Machine learning

Model Cards Are Not Optional: Building Transparent ML Systems

khaled November 27, 2024 4 mins read
Model Cards Are Not Optional: Building Transparent ML Systems

Model Cards Are Not Optional: Building Transparent ML Systems

In 2019, Google researchers proposed model cards — structured documents that accompany ML models to describe their intended use cases, performance characteristics, and known limitations. At the time, model cards were a research proposal for responsible AI documentation. By 2024, they are required documentation for AI systems deployed in the EU under the AI Act, expected by enterprise buyers as part of procurement due diligence, and considered a minimum standard of responsible deployment by practitioners who have learned the hard way what happens when context about a model's behaviour is not communicated.

What a Model Card Contains

A complete model card addresses six areas:

1. Model details: architecture, training data description, training date, version, license, point of contact.

2. Intended use: the primary use cases the model was designed and evaluated for; explicitly listing out-of-scope uses prevents misapplication.

3. Factors: the groups, instruments, and conditions that affect model performance — demographic groups, geographic regions, data collection conditions, languages.

4. Metrics: the evaluation metrics used and why they were chosen; aggregate metrics alone are insufficient.

5. Evaluation data: description of the evaluation datasets — who collected them, when, under what conditions.

6. Disaggregated evaluation results: performance broken down by the relevant subgroups identified in the Factors section. This is the most important section.

Why Disaggregated Evaluation Matters

Aggregate accuracy conceals disparities. A facial recognition system with 95% overall accuracy may have 70% accuracy on dark-skinned female faces. A loan default predictor with 82% overall AUC may perform significantly differently across racial groups. Reporting only aggregate metrics means deployers and affected communities have no way to know these disparities exist.

Disaggregated evaluation requires intentionally testing across relevant subgroups and being transparent about results that show gaps. This is uncomfortable when results reveal bias — which is precisely why it is valuable. A disparity discovered and disclosed by the model developer, before deployment, is an issue that can be addressed. A disparity discovered in production by a journalist is a crisis.

Model Cards as a Communication Tool

Model cards are not just for external audiences — they serve internal teams:

  • Engineering teams integrating the model need to know its input/output format, expected latency, and failure modes
  • Product teams need to know the intended use cases and what the model should not be used for
  • Legal and compliance teams need documented evidence of due diligence for regulatory compliance
  • Downstream teams reusing or fine-tuning the model need to understand what they are starting from

The EU AI Act and Documentation Requirements

The EU AI Act (phased implementation from 2024-2027) classifies AI systems into risk categories with corresponding documentation requirements.
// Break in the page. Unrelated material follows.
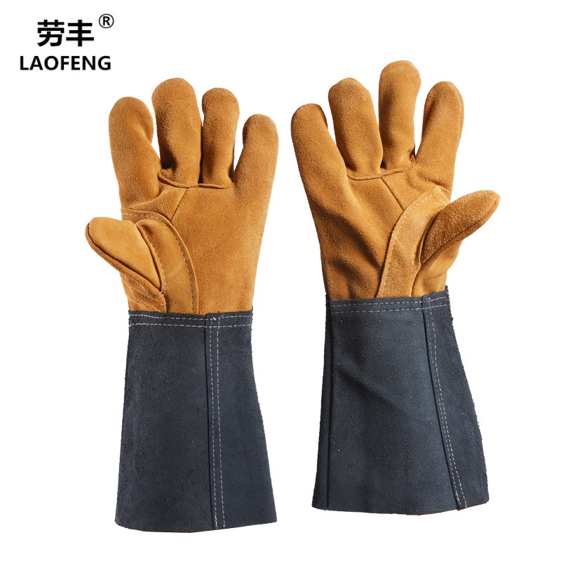 용접 장갑 도매 긴 스웨이드 전체 가죽 용접기 용접 장갑 단열 내구성 보호 노동 보호 긴 가죽 장갑
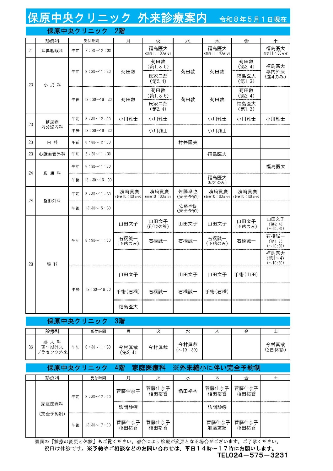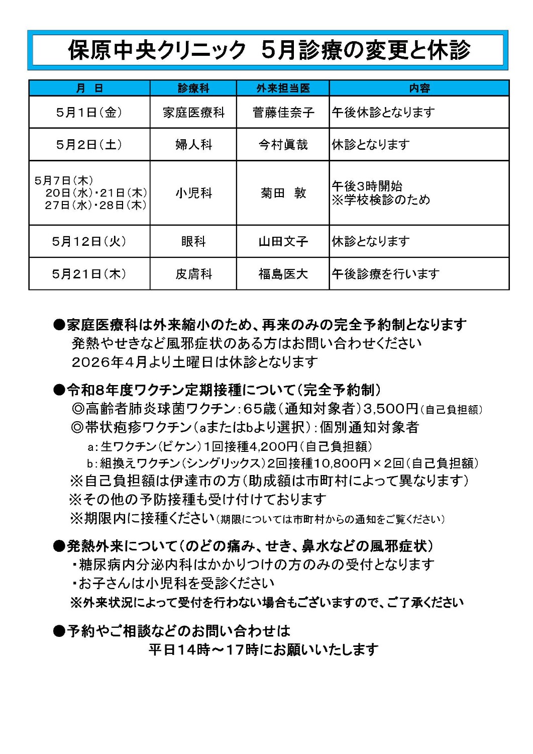 令和8年5月 診療の変更と休診(保原中央クリニック)

High-risk AI systems — including credit scoring, biometric identification, hiring tools, and critical infrastructure applications — must provide technical documentation covering intended purpose, performance measures, data governance, and bias mitigation measures. Model cards are the natural format for much of this documentation.

Even for lower-risk systems, the AI Act's transparency provisions increasingly require disclosure of AI involvement and minimum documentation. Proactive model card adoption now reduces compliance overhead later.
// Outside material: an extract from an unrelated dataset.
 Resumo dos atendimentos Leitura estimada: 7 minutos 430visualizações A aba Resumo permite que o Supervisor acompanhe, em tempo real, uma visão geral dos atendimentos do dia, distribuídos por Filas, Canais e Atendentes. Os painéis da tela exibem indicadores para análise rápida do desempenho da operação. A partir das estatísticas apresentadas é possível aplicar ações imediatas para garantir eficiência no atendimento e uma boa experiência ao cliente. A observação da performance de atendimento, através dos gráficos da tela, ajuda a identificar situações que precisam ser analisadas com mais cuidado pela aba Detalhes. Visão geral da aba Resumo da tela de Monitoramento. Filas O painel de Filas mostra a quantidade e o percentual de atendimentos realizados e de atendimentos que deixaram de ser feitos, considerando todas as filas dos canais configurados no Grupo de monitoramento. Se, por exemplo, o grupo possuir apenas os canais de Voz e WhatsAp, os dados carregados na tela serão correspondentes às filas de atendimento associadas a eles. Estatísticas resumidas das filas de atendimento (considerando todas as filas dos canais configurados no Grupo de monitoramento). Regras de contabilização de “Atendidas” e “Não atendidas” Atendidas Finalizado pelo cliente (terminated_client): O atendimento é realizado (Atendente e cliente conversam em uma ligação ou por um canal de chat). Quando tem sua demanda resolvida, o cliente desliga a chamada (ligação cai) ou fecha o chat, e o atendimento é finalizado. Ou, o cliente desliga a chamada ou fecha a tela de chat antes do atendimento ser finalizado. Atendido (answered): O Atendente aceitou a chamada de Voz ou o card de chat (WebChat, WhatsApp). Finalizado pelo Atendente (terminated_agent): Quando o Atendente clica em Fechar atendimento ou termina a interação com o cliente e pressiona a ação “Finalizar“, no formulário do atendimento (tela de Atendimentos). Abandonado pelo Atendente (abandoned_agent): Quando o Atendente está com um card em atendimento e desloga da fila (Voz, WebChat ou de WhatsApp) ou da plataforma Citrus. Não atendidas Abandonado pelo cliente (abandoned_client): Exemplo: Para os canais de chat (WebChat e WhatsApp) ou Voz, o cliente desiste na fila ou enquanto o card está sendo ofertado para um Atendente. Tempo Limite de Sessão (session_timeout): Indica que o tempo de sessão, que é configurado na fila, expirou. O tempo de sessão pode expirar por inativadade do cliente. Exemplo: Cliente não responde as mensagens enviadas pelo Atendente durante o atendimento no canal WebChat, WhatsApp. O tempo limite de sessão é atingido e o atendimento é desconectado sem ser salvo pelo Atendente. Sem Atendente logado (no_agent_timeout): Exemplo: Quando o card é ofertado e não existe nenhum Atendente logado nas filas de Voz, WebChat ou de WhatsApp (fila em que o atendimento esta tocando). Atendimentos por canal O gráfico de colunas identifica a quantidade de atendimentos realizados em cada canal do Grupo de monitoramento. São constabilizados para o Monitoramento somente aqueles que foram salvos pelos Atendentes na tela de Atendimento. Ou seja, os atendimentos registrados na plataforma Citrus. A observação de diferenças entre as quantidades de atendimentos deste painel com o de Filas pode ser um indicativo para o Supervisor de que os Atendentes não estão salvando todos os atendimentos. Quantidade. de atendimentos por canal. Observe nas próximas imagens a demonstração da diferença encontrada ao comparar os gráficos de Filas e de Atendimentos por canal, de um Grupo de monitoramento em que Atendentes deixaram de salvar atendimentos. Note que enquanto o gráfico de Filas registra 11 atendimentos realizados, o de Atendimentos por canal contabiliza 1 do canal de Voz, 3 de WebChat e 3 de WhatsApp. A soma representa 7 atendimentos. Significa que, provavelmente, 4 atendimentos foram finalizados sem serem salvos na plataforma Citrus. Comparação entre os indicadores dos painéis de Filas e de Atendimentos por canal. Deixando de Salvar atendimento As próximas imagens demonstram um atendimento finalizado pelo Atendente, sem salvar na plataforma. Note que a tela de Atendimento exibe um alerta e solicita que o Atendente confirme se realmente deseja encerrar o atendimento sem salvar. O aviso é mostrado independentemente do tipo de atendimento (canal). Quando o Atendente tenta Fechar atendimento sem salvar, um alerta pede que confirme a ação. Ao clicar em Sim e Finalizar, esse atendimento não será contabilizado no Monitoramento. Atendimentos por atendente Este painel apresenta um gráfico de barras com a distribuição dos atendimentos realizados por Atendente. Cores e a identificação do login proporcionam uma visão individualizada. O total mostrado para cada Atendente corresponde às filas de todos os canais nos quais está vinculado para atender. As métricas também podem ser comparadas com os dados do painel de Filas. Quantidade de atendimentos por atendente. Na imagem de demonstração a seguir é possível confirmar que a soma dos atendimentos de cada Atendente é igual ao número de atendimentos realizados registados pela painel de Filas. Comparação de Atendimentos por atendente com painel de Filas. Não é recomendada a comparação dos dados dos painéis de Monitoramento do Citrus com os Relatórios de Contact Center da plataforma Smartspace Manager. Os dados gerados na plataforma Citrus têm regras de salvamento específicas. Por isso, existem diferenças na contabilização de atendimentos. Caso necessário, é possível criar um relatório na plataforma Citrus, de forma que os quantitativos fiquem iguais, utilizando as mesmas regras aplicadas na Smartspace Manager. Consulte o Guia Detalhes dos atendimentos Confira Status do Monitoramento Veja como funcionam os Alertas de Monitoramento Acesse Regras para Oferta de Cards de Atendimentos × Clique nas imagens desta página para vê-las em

Writing a Model Card in Practice

A minimal viable model card for an internal ML model:

  1. One-paragraph model description: what does the model do, what algorithm, trained on what data
  2. Intended use cases (3-5 bullets): be specific
  3. Out-of-scope uses (3-5 bullets): what this model should not be used for
  4. Overall evaluation metrics with values and evaluation dataset description
  5. Disaggregated evaluation broken down by the most relevant demographic, geographic, or contextual factors
  6. Known limitations: edge cases where performance degrades; known biases; out-of-distribution failure modes
  7. Training data description: sources, date range, known gaps or biases in the training data

Conclusion

Model cards are documentation that teams should want to write — not because regulators require it, but because the exercise of writing a model card forces explicit thinking about intended use, evaluation rigour, and failure modes. A team that cannot write a model card for their deployed model either does not know enough about their model to deploy it responsibly, or knows things about it that they prefer not to put in writing. Neither is acceptable.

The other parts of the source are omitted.